The Unitarian Church of South Australia, Inc., is an independent and self-governed church affiliated with the worldwide Unitarian Universalist movement, a member of the Australia and New Zealand Unitarian Universalist Association, and an affiliate member of the Unitarian Universalist Association. It is a socially progressive and inclusive spiritual community, not covenanted by doctrine and dogma, but by liberal religious principles distilled from the essential values of all world religions, as well as the arts, humanities, and sciences.

History

Wakefield Street 

On July 11, 1854 a group of people of the Unitarian Christian denomination met in Adelaide, South Australia and resolved to found their own church and seek a suitable minister from England. John Crawford Woods was selected and arrived on the Quito from London on 19 September 1855. Services were initially held in private houses until October of that year, when the first public service was held in King William Street, Adelaide.
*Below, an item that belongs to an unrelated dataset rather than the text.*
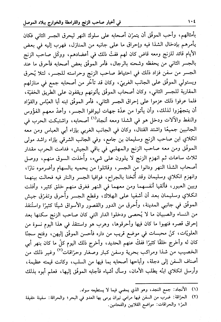 بأمثالهم ، وأحب الموفق لأن يتمرن أصحابه على سلوك النهر ليحرق الجسر الثاني فكان يأمرهم بإدخال الشذا فيه وإحراق ما على جانبه من المنازل ، فهرب إليه في بعض الأيام قائد للزنج ومعه قاض كان لهم ففت ذلك في أعضادهم ، ووكل صاحب الزنج بالجسر الثاني من يحفظه وشحنه بالرجال ، فأمر الموفق بعض أصحابه فأحرق ما عند الجسر من سفن فزاد ذلك في احتياط صاحب الزنج وحراسته للجسر ، لئلا يحرق ويستولي الموفق على الجانب الغربي ، وكان قد تأخر من أصحاب جمع في منازلهم المقاربة للجسر الثاني ، وكان أصحاب الموفق يأتونهم ويقفون على الطريق الخفية ، فلما عرفوا ذلك عزموا على إحراق الجسر الثاني ، فأمر الموفق ابنه أبا العباس والقواد أن يتجهزوا لذلك ، وأن يأتوا من عدة جهات ليوافوا الجسر ، وأعد معهم الفؤوس والنفط والآلات ودخل هو في الشذا ومعه أنجاد أصحابه ، واشتبكت الحرب في الجانبين جميعاً واشتد القتال ، وكان في الجانب الغربي بإزاء أبي العباس ومن معه أنكلاى ابن صاحب الزنج وسليمان بن جامع ، وفي الجانب الشرقي بإزاء راشد مولى الموفق ومن معه صاحب الزنج والمهلبي في باقي الجيش ، فدامت الحرب مقدار ثلاث ساعات ثم انهزم الزنج لا يلوون على شيء وأخذت السوق منهم ، ووصل أصحاب الشذا النهر ودانوا من الجسر ، وقاتلوا من يحميه بالسهام وأضرموه ناراً ، وانهزم انكلاى وسليمان وقد أثخنا بالجراح ، فوافيا الجسر والنار فيه فحالت بينهما وبين العبور ، فألقيا أنفسهما ومن معهما في النهر فغرق منهم خلق كثير ، وأفلت انكلاى وسليمان بعد أن أشفيا على الهلاك ، وقطع الجسر وأحرق وتفرق جيش الموفق في جانبي المدينة ، وأحرق من الدور والقصور والأسواق شيئاً كثيراً واستنفذ من النساء والصبيان ما لا يحصى ودخلوا الدار التي كان صاحب الزنج سكنها بعد إحراق قصره فنهبوا ما كان فيها وأحرقوها ، وهرب هو واستنفذ في هذا اليوم نسوة من العلويات ، كن محبسات في موضع قريب من داره فأحسن الموفق إليهن ، وفتح سجناً كان له وأخرج خلقاً كثيراً ففك عنهم الحديد ، وأخرج ذلك اليوم كل ما كان بنهر أبي الخصيب من شذا ومراكب بحرية وسفن كبار وصغار وحراقات وغير ذلك من أصناف السفن إلى دجلة ، وأباحها أصحابه بما فيها من السلب ، وكانت قيمته عظيمة ، وأرسل انكلاى ابنه يطلب الأمان ، وسأل أشياء فأجابه الموفق إليها ، فعلم أبوه بذلك

The congregation opened a church in Wakefield Street in 1857. Members of the congregation included prominent South Australians such as Premier of South Australia Sir Henry Ayers, industrialist Alfred Muller Simpson, newspaper editor John Howard Clark and librarian Robert Kay, who was active in the cause of popular education. Writer, teacher, politician, and suffragette Catherine Helen Spence joined the church in 1856, later preaching there occasionally. As a lay leader, she lobbied for greater opportunities for women in education, employment, and political participation. Membership peaked at around 750 in 1881.

Woods resigned in 1887 but it was two years before a suitable replacement was found in the Rev. Robert Cooper Dendy  of Tenterden, Kent, and Woods continued serving until May 1889. Dendy left in 1893 and was replaced by Rev. Alexander Wilson, who resigned in 1902.

Shady Grove 
In 1858, British immigrant John Monk and his sons set about built a school on a Shady Grove property, near Hahndorf in the Adelaide Hills. Later, this building and the surrounding land, including a cemetery, were gifted to the Unitarian Church of South Australia and converted into a branch chapel. On Christmas Eve 1865, the Rev. J. Crawford Woods, from the larger church, officiated at an opening event. From the chapel's founding in 1865 to 1881, Francis Duffield was the first official lay leader of the Shady Grove congregation.

Today, the property is heritage listed with the South Australia Heritage Register. The property remains primarily virgin scrub and grows many wildflowers. A dedicated team of bush care workers meet regularly to maintain the property. The Shady Grove chapel is still used regularly by a small but active congregation.

Recent years 
In the twentieth century, the fortunes of the congregation fluctuated, largely depending on the resident minister. Rev George Hale, while highly regarded for his integrity and oratory, alienated many for his pacifist stance during WWII. The Wakefield Street church, one of Adelaide’s more impressive religious buildings in its day, became in the 1960s increasingly expensive to maintain by the diminishing congregation, and the congregation decided to divest itself of the valuable property and move to more suitable premises in the suburbs. The property was sold to the South Australian Public Service Association in 1971, and the building demolished in 1973.

New church premises in suburban Norwood, South Australia, including an adjoining manse for the minister, were designed by architect Eric von Schramek in 1970. The stained glass windows and the organ from the old church were incorporated into the interior decoration of the new building.

The congregation removed "Christian" from the church's name in 1977. As of 2018, the congregation holds two services per week and engages in community outreach, particularly focused on social justice issues. At the 2011 census, there were 435 Unitarian Universalist adherents in South Australia, as compared to 213 in 2006. Experiencing a significant growth of 104.2% in these years, Unitarian Universalism was the 7th fastest growing religion in South Australia as of 2011. At this time, a third of Australia's Unitarian Universalists resided in South Australia.